Can you feel it? This siege we are under? When we speak on behalf of our faiths, how much is enough, how much is too much? The hand we grasp in guiding can easily pull free from our grip at the utterance of one truth too many.
It remains my belief that the believers will prove more resilient than the non-believers (and isn’t it curious now how we set aside the clash of faiths as merely nominally relevant in the face of that deeper division? To believe in a higher power, or not? This is where the dialogue belongs). A universe opened wide to us challenges our sense of place within it, but if we are to have purpose, then we must have cause, and that cause must be, at its heart, just.
Secularists will surely struggle with what awaits us. Insignificance is a bitter pill to swallow. Like you, my dear friend, I am heartened by this sense of morality and compassion. And yet, at the same time, I am made fearful by this prohibition of violence—does that shock you? We have seen an end to war and yet we live! How is this possible? What wounds do we now bear with this new knowledge of what is possible in the absence of threat and coercion? Can we ever go back?
There is talk here of a Synod. But I dream of an inter-faith colloquium. All the faiths, brought together to discuss the ramifications of all that has befallen us, and all that is still to come.
Astonishingly, this no longer seems so impossible.
Yours Faithfully,
Joakim
Joakim, old friend,
You astonish me! All your
words, all your thoughts on the matter, yet still you choose to dance round the one subject that you must be burning to broach. Inclusivity and exclusivity. Yes, well, how does a Jew answer that one? The Chosen People is not a casual term, after all.

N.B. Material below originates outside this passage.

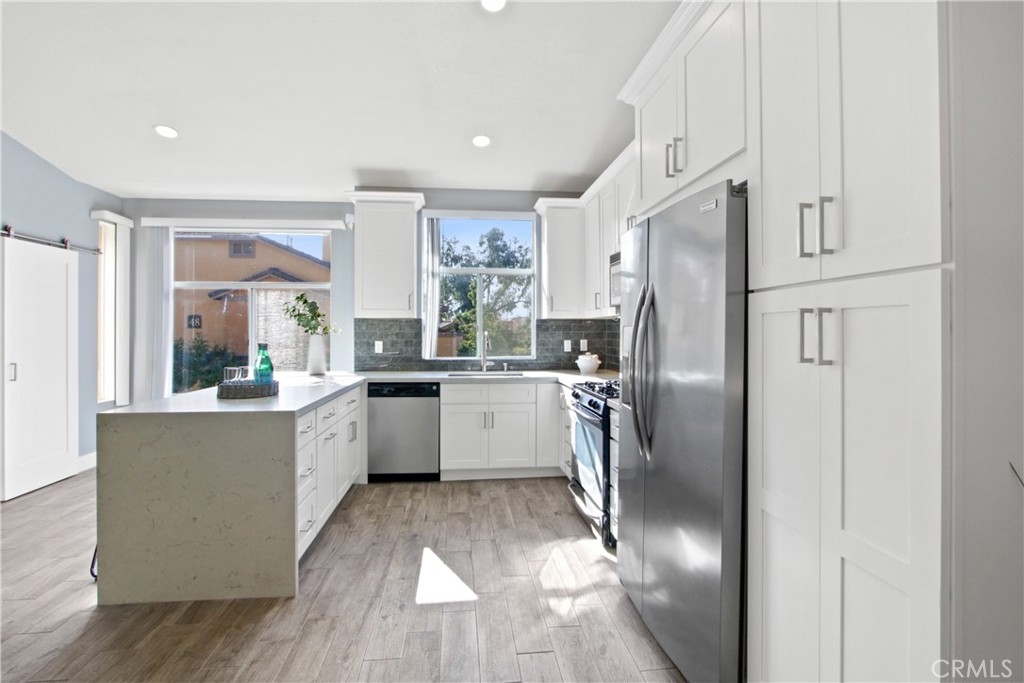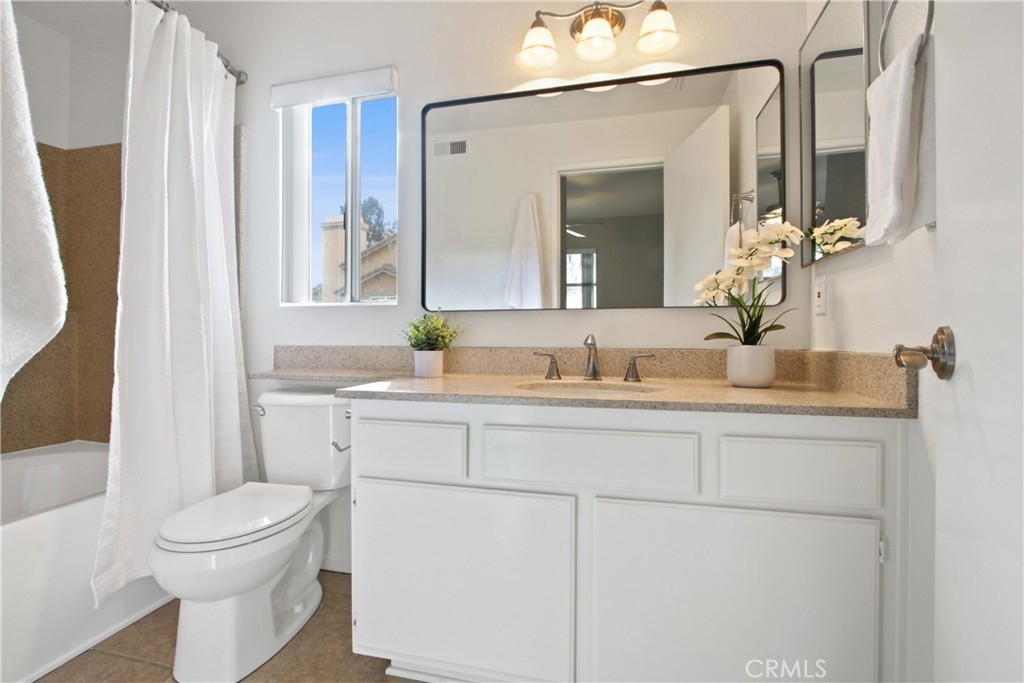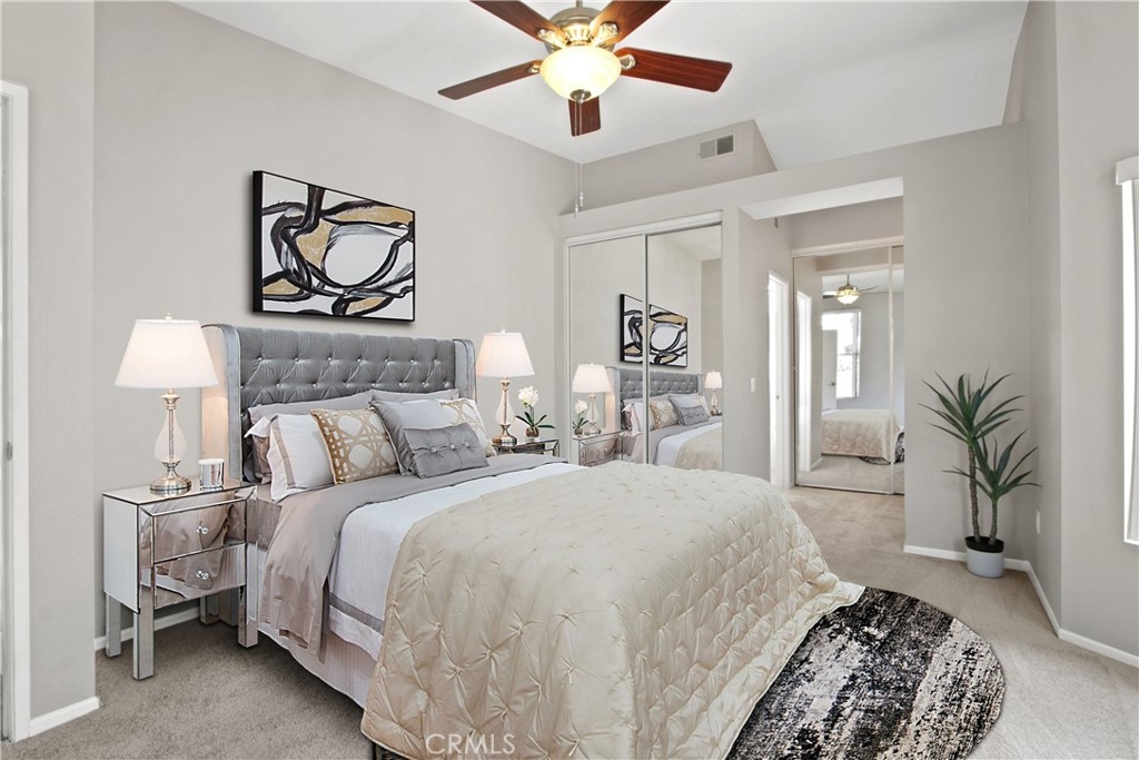 Step inside to discover an inviting living area featuring an open floor plan, vaulted ceilings, and an abundance of natural light. The remodeled kitchen is a chef's dream, with updated cabinets, quartz countertops, stainless steel appliances, and a convenient breakfast bar. The interior has been updated with new paint, new carpet, and luxurious wood plank porcelain tile in the living area, creating a modern and stylish ambiance. This 2-bedroom property boasts not just one, but two primary suites, offering flexibility and privacy. With 1048 square feet of living space, this unit stands out as there are no units above or below, and only one shared wall, providing a sense of tranquility and privacy. Outside, the large private patio is perfect for enjoying the beautiful California weather complete with a dwarf lime tree. There's even a private full-size washer and dryer closet for added convenience. Topping it off is a 1-car detached enclosed carport located under the unit, along with additional open parking for your convenience. The Tuscany community offers an array of amenities, including pools, spas, sports courts, gym, playground, and clubhouse, all within a gated environment for added security and peace of mind. Conveniently located near shopping, restaurants, and highways, this home offers easy access to everything you need while still providing a serene and private retreat. Don't miss the opportunity to make this exceptional property your own.

Am I being blasphemous in posing the notion that ‘chosen’ is singular only in the specific? That many peoples can therefore be ‘chosen’? That to be Chosen is to acknowledge the continuity of cultural history, of blood-lines, in such a manner as to elevate the very essence of self-identity? To be a Chosen People is as much a responsibility as it is a privilege—but isn’t it interesting how questions of interpretation ultimately pale in the face of the Big Question?
Are we still with God? Is God still with us?
For too long in our collective history, our notions of faith have been contracting, in the proliferation of schism, sectarianism, an endless process of division and subdivision, all bound to the interpretive sphere of what God wants from us. And where has that left us? Woefully unprepared to even so much as consider a fundamental expansion of faith. Trapped in our language of tenets, proscriptions and prescriptions that define the very essence of debate in our exclusively human sphere, we never once gave serious consideration to what might happen should that sphere cease to be exclusively human.
What comes of this? Yet more fractionalization, as the world shrinks to a navel? Tempests in the tea-cup, with the table’s length now stretching into infinity.
Ah, old friend, what future sorrows now await us?
Affectionately yours
Ira
My Dear Ira,
I admit that the divisiveness occurring in the United States prior to the ET intervention (can we call it that? Is this not a most firm hand, crashing down to shake human-ity’s crowded table?) was leading me to despair. And I well recall your notes of alarm sounded on behalf of Jews resident in your country, not to mention all other minorities, be they of a particular skin color or religion (or gender!) in the wake of your country’s last two elections. We seemed to be headed into troubled times, my friend.